Of the five remaining industry proposals being challenged, two ensure that Massachusetts drivers remain independent contractors and three affirm contractor status while expanding various employee benefits, said Conor Yunits, spokesman for the coalition.

While Uber and Lyft are “having an uphill battle” under the state's current misclassification standard, “the public is really almost relying on their service at this point,” Fritz said. “I can’t imagine a properly tailored ballot initiative that doesn’t pass on this issue.”

The industry plans to bring only one proposal to the table on the November ballot, depending on how the court rules, Yunits said. If voters approve a ballot measure that only addresses contractor status, lawmakers could later enact salary and benefits guarantees, he said, adding that “an independent contractor status plus benefits model” is the industry's goal for Massachusetts.
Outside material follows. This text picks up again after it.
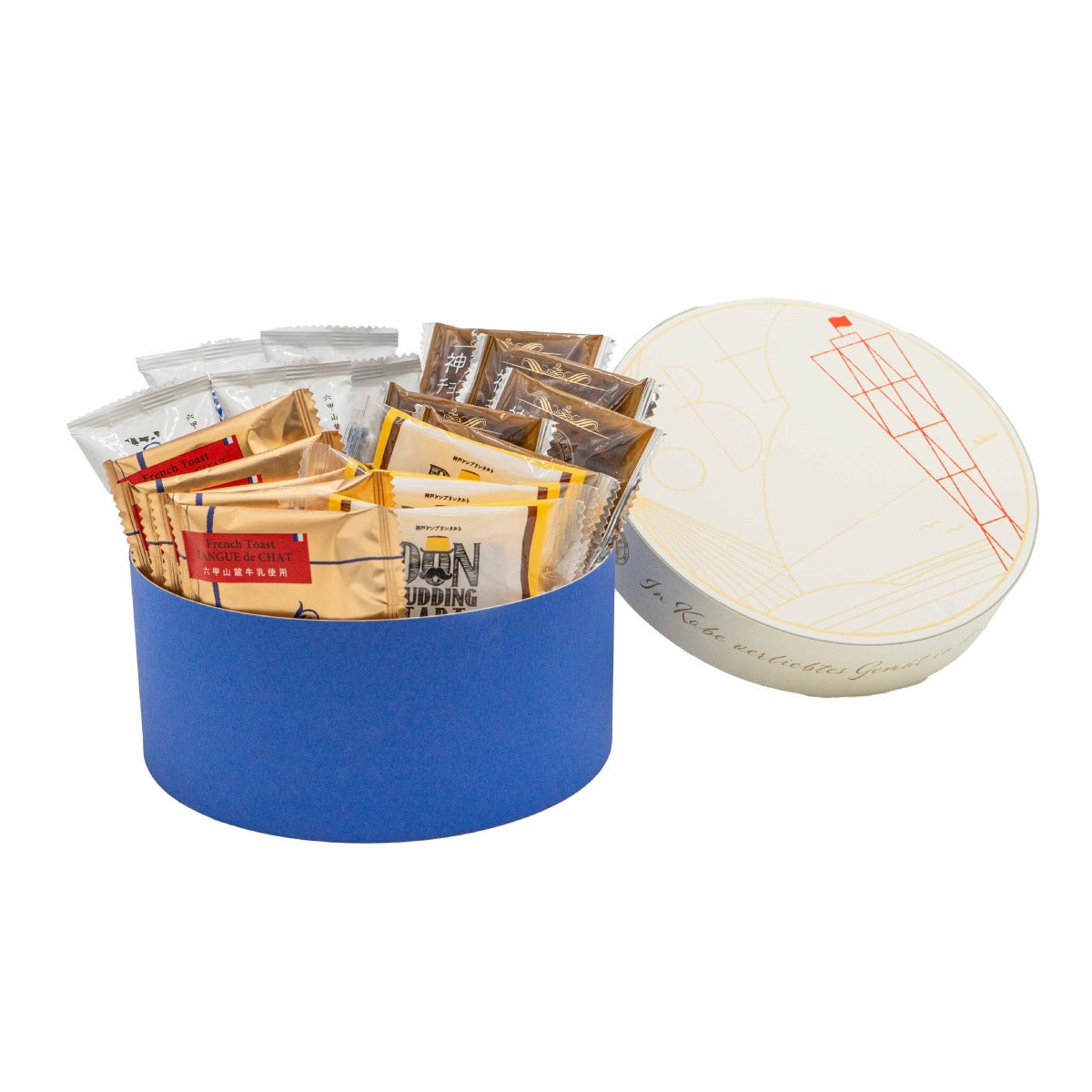 「神戸三宮フレンチトーストラングドシャ5枚」「神戸ミルクチョコラングドシャ5枚」「神戸ミルクヨーグルトパフェクッキー5個」「神戸ドン・プリン・タルト3個」を詰め合わせました。神戸をモチーフにした丸箱に詰め合わせたアソートBOXです。
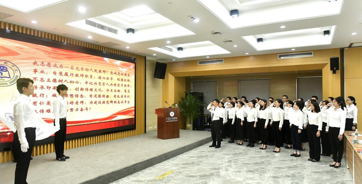 新入职教职工庄严宣誓:“我志愿成为一名光荣的人民教师!忠诚党的教育事业,自觉履行教师职责;潜心治学、锐意创新,不忘立德树人初心,牢记为党育人为国育才使命;传承印刷文明,创新传媒文化,守正出新、笃志敏行;做有理想信念、有道德情操、有扎实学识、有仁爱之心的好老师,为建设特色鲜明、高水平出版传媒大学而努力奋斗!”

Voters could approve both an industry-backed ballot measure and the SEIU's proposal to allow collective bargaining. A state legislative committee that was considering passing the ballot measures rather than sending them to voters recommended on April 30 that state lawmakers not adopt them, in part because of the uncertainty of the pending court challenges.

Given the timing of the trial in the attorney general's lawsuit, a court could declare Uber and Lyft drivers employees just weeks before voters go to the polls, Pat Moore, an assistant state attorney general, said at a hearing on the state's legislative process in the state March.

If voters approved the industry's ballot measure, “it would limit the likely impact” of the court's ruling, he told lawmakers. But the AG's office would seek back pay, benefits and penalties for previous years of misclassification, he said, and “the numbers involved are quite high.”